Leaving out only the pictures, write out all the entries exactly.

>>

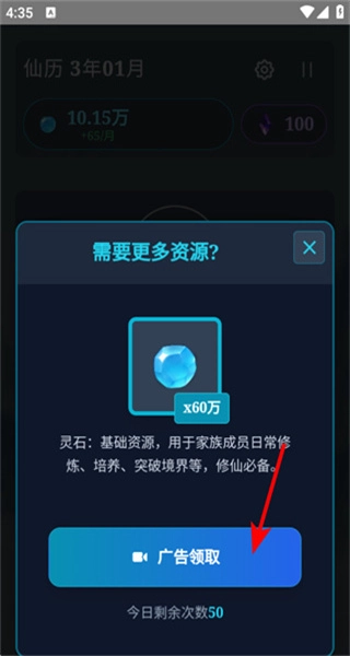 当弹出资源获取提示时,点击红色箭头所指的广告领取按钮,就能获得60万灵石,用以补充修行所需的资源。
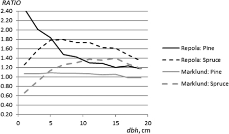 Marklund’s 1988) and Repola’s (2008, 2009) models exhibited differences in predicted biomass of the tree components compared with the NEW models. Marklund’s and Repola’s models estimated, on average, higher stem biomass values for pine and spruce, but lower biomass values for birch (Table 6). In terms of RATIOM (0.85) and RATIOR (0.84) the higher estimates for spruce amounted to an average of 15%. For pine, the estimates were still high, but not as high: RATIOM and RATIOR values were, on average, 0.99 and 0.90. The NEW models resulted in higher biomass predictions for birch stems, with an average RATIOM and RATIOR of 1.13 (Table 6).
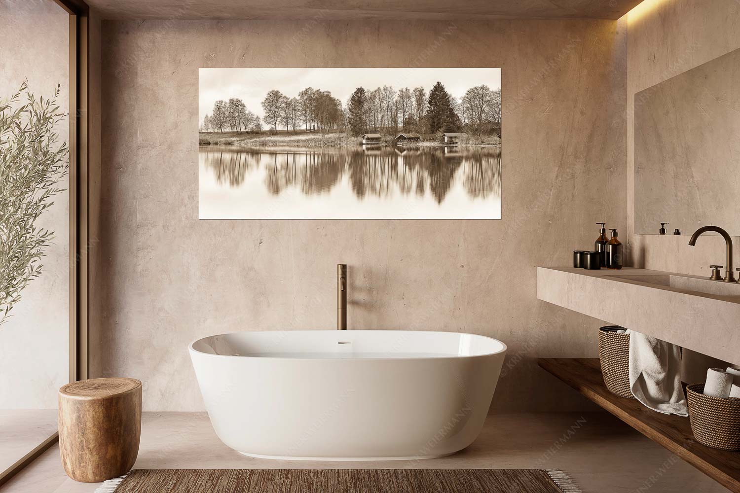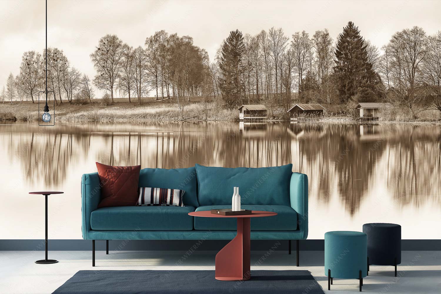 Spieglein-Spieglein 2:1 sepia — Bootshütten am Staffelsee
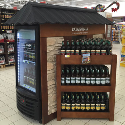 Isla para exhibición de productos refrigerados. Construido en madera y MDF. Letras corpóreas +textura
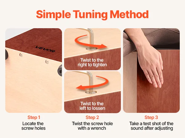 Your Sound, Your Control: You can adjust the internal strings from the bottom of the portable box drum using the included hex wrench. Turn counterclockwise to loosen, clockwise to tighten, and change the tone
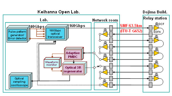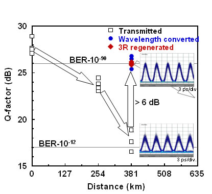導入了上述裝置的光信號再生中繼實驗驗證了原理上傳輸距離幾乎不受限制的理論。迄今為止的研究成果表明,只有在每秒40千兆位、每秒80千兆位的傳輸速度下實現了光3R中繼傳輸。在現場以每秒160千兆位的傳輸速度,實現光信號品質再生在世界上還是首創(chuàng)。而且,此次在光實驗網上,通過不斷改變線路折回次數,對中繼距離進行評估和測定,傳輸距離最長達到了380km。這樣一來,東京―─大阪間相當于只需一次光3R再生中繼,就能高品質傳輸每秒160千兆位數據的中繼距離。
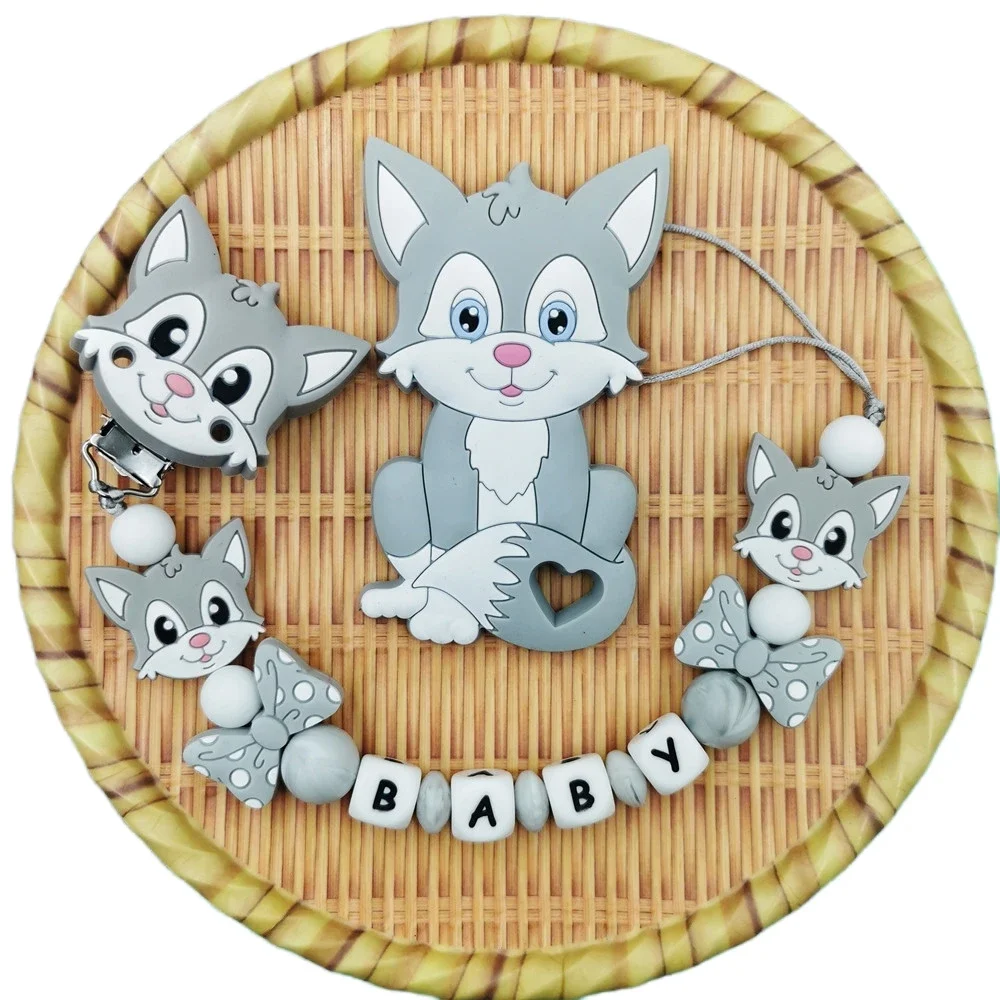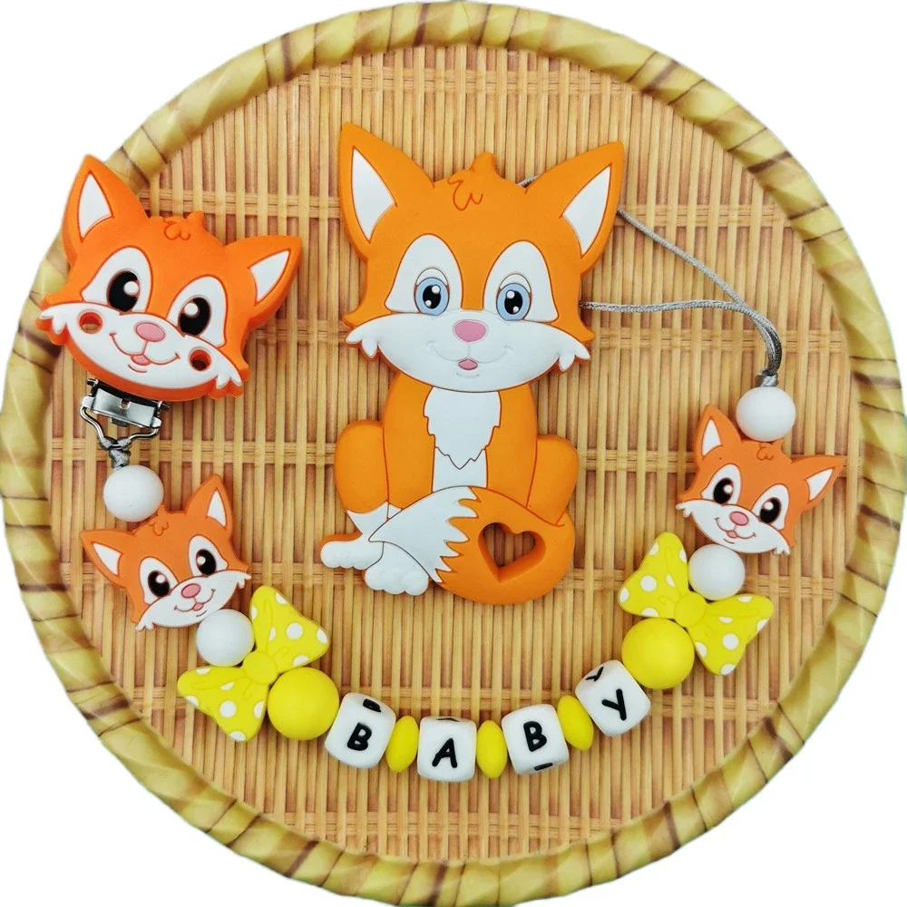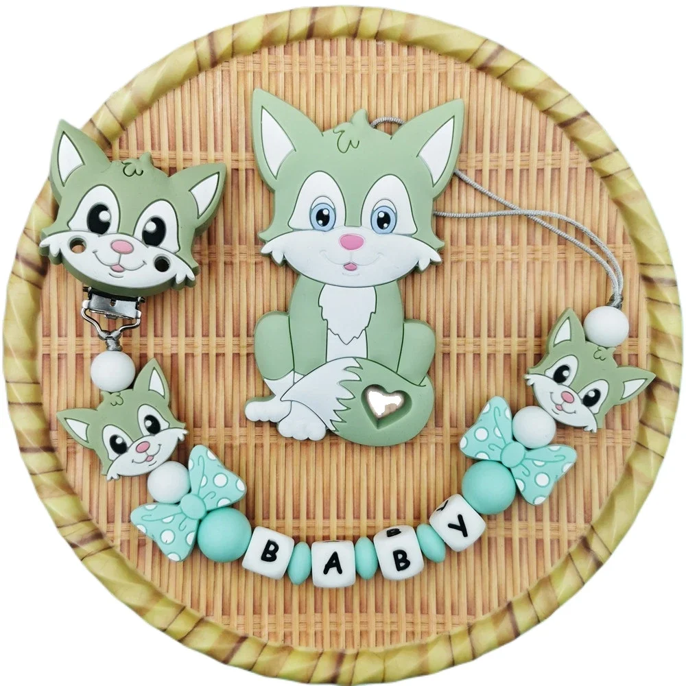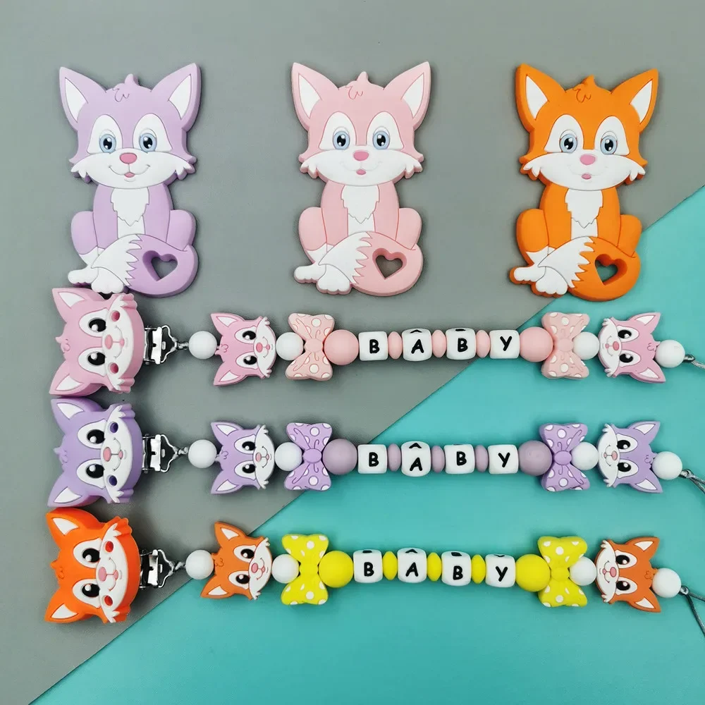 Personalized English Russian Letter Name Baby Cat Silicone Pendant Pacifier Clips Holder Chains Baby Teether Kawaii Toy Gifts
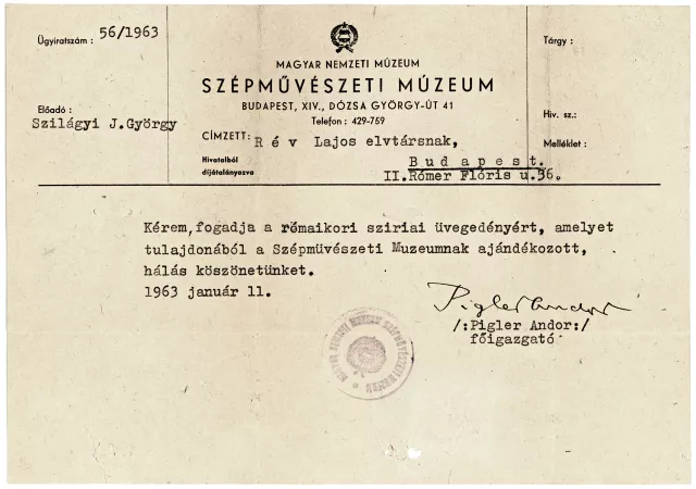 Kérem, fogadja a rómaikori szíriai üvegedényért, amelyet tulajdonából a Szépművészeti Múzeumnak ajándékozott, hálás köszönetünket.
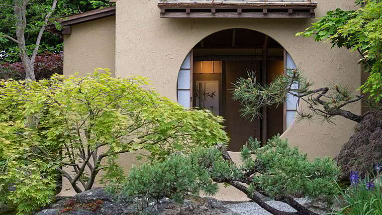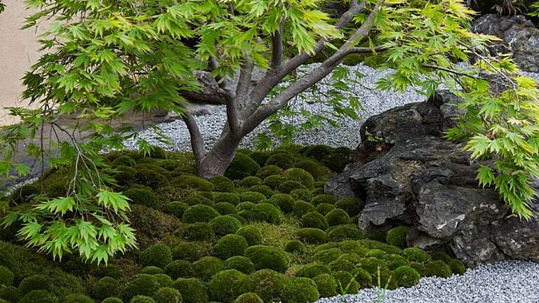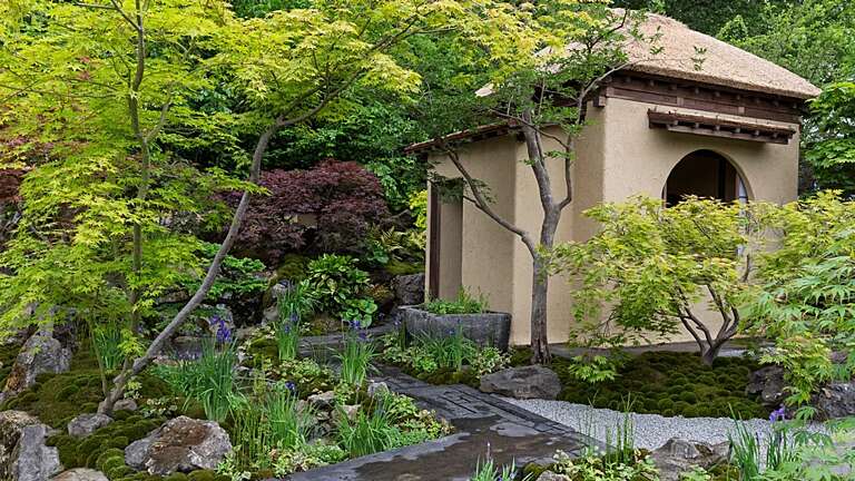 Subtle changes in level create depth and movement through the space, with the layout influenced by the Japanese art of flower arrangement, ikebana, specifically the Ikenobo School, which emphasises balance, rhythm and bringing plants to life.
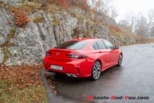 Avant cela, le passage obligé par la ville puis par l’autoroute. Immédiatement confronté à un milieu urbain dense, je me sens à l’aise pour diriger la GSi et la glisser dans le trafic de l’heure de pointe de la cité lausannoise. Comme mentionné auparavant, la position de conduite est optimale et permet d’être alerte sur tout ce qui se passe autour de soi et d’apprécier correctement l’agitation alentour. La directrion se montre consistante et précise, bien que trop souple à mon goût, un défaut que le mode Sport ne saura plus tard gommer. L’amortissement est définitivement orienté vers le confort, avec un filtrage conséquent mais raisonnable et une rigidité présente mais contenue. Le roulis quant à lui est faiblement perceptible. Enchaîner les kilomètres sur autoroute ne constitue aucun défi, les assistances à la conduite étant en charge du gros du travail. Le bruit dans l’habitacle, sans être inexistant, demeure parfaitement acceptable pour un modèle de ce segment.
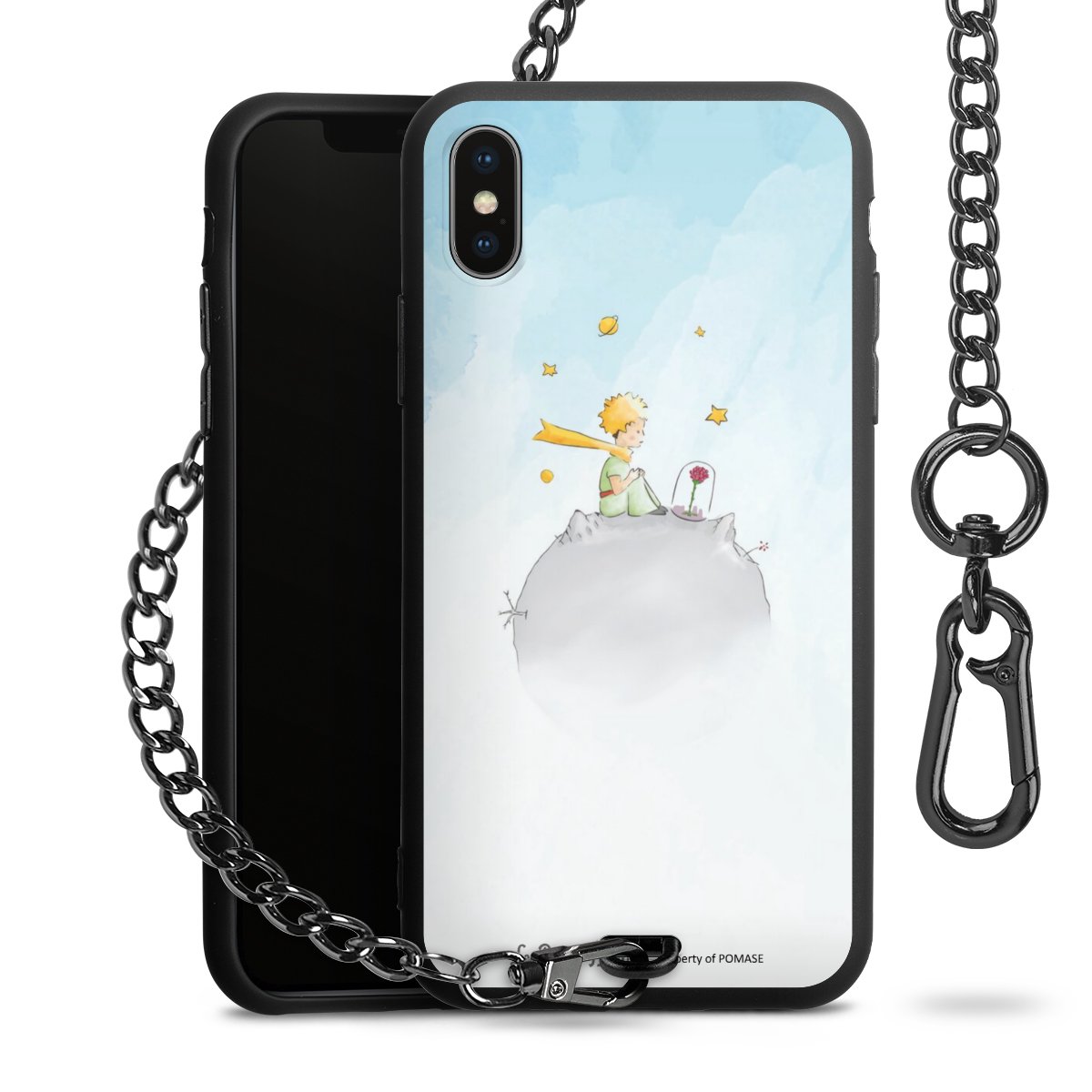 Die Handyhülle verfügt über eine mittig am unteren Rand platzierte Öse, an der die Metallkette stabil befestigt ist. Bestelle die Hülle einfach für Dein Smartphone-Modell, dann passt sie wie angegossen und Du brauchst sie bloß einmal anzudrücken. Handy in die Tasche, Karabiner an den Hosenbund – schon kann die Party starten.
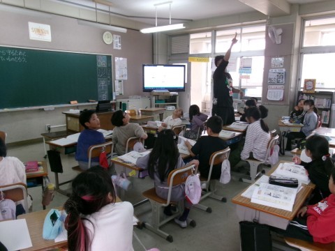 「学校を火事から守るためにどんなことをしているのだろう」というめあてで学習を進めていました。学校の中にある防火扉などの施設や火災報知器などの装置などの写真を見せながら,学校のどこにあるか確かめていました。次回の授業では,実際に校内を歩いて,どこに何があるかを調べていく予定です。

<<

Answer for this exercise:
 当弹出资源获取提示时,点击红色箭头所指的广告领取按钮,就能获得60万灵石,用以补充修行所需的资源。
 Marklund’s 1988) and Repola’s (2008, 2009) models exhibited differences in predicted biomass of the tree components compared with the NEW models. Marklund’s and Repola’s models estimated, on average, higher stem biomass values for pine and spruce, but lower biomass values for birch (Table 6). In terms of RATIOM (0.85) and RATIOR (0.84) the higher estimates for spruce amounted to an average of 15%. For pine, the estimates were still high, but not as high: RATIOM and RATIOR values were, on average, 0.99 and 0.90. The NEW models resulted in higher biomass predictions for birch stems, with an average RATIOM and RATIOR of 1.13 (Table 6).
 Spieglein-Spieglein 2:1 sepia — Bootshütten am Staffelsee
 Isla para exhibición de productos refrigerados. Construido en madera y MDF. Letras corpóreas +textura
 Your Sound, Your Control: You can adjust the internal strings from the bottom of the portable box drum using the included hex wrench. Turn counterclockwise to loosen, clockwise to tighten, and change the tone
導入了上述裝置的光信號再生中繼實驗驗證了原理上傳輸距離幾乎不受限制的理論。迄今為止的研究成果表明,只有在每秒40千兆位、每秒80千兆位的傳輸速度下實現了光3R中繼傳輸。在現場以每秒160千兆位的傳輸速度,實現光信號品質再生在世界上還是首創(chuàng)。而且,此次在光實驗網上,通過不斷改變線路折回次數,對中繼距離進行評估和測定,傳輸距離最長達到了380km。這樣一來,東京―─大阪間相當于只需一次光3R再生中繼,就能高品質傳輸每秒160千兆位數據的中繼距離。
 Personalized English Russian Letter Name Baby Cat Silicone Pendant Pacifier Clips Holder Chains Baby Teether Kawaii Toy Gifts
 Kérem, fogadja a rómaikori szíriai üvegedényért, amelyet tulajdonából a Szépművészeti Múzeumnak ajándékozott, hálás köszönetünket.
 Subtle changes in level create depth and movement through the space, with the layout influenced by the Japanese art of flower arrangement, ikebana, specifically the Ikenobo School, which emphasises balance, rhythm and bringing plants to life.
 Avant cela, le passage obligé par la ville puis par l’autoroute. Immédiatement confronté à un milieu urbain dense, je me sens à l’aise pour diriger la GSi et la glisser dans le trafic de l’heure de pointe de la cité lausannoise. Comme mentionné auparavant, la position de conduite est optimale et permet d’être alerte sur tout ce qui se passe autour de soi et d’apprécier correctement l’agitation alentour. La directrion se montre consistante et précise, bien que trop souple à mon goût, un défaut que le mode Sport ne saura plus tard gommer. L’amortissement est définitivement orienté vers le confort, avec un filtrage conséquent mais raisonnable et une rigidité présente mais contenue. Le roulis quant à lui est faiblement perceptible. Enchaîner les kilomètres sur autoroute ne constitue aucun défi, les assistances à la conduite étant en charge du gros du travail. Le bruit dans l’habitacle, sans être inexistant, demeure parfaitement acceptable pour un modèle de ce segment.
 Die Handyhülle verfügt über eine mittig am unteren Rand platzierte Öse, an der die Metallkette stabil befestigt ist. Bestelle die Hülle einfach für Dein Smartphone-Modell, dann passt sie wie angegossen und Du brauchst sie bloß einmal anzudrücken. Handy in die Tasche, Karabiner an den Hosenbund – schon kann die Party starten.
 「学校を火事から守るためにどんなことをしているのだろう」というめあてで学習を進めていました。学校の中にある防火扉などの施設や火災報知器などの装置などの写真を見せながら,学校のどこにあるか確かめていました。次回の授業では,実際に校内を歩いて,どこに何があるかを調べていく予定です。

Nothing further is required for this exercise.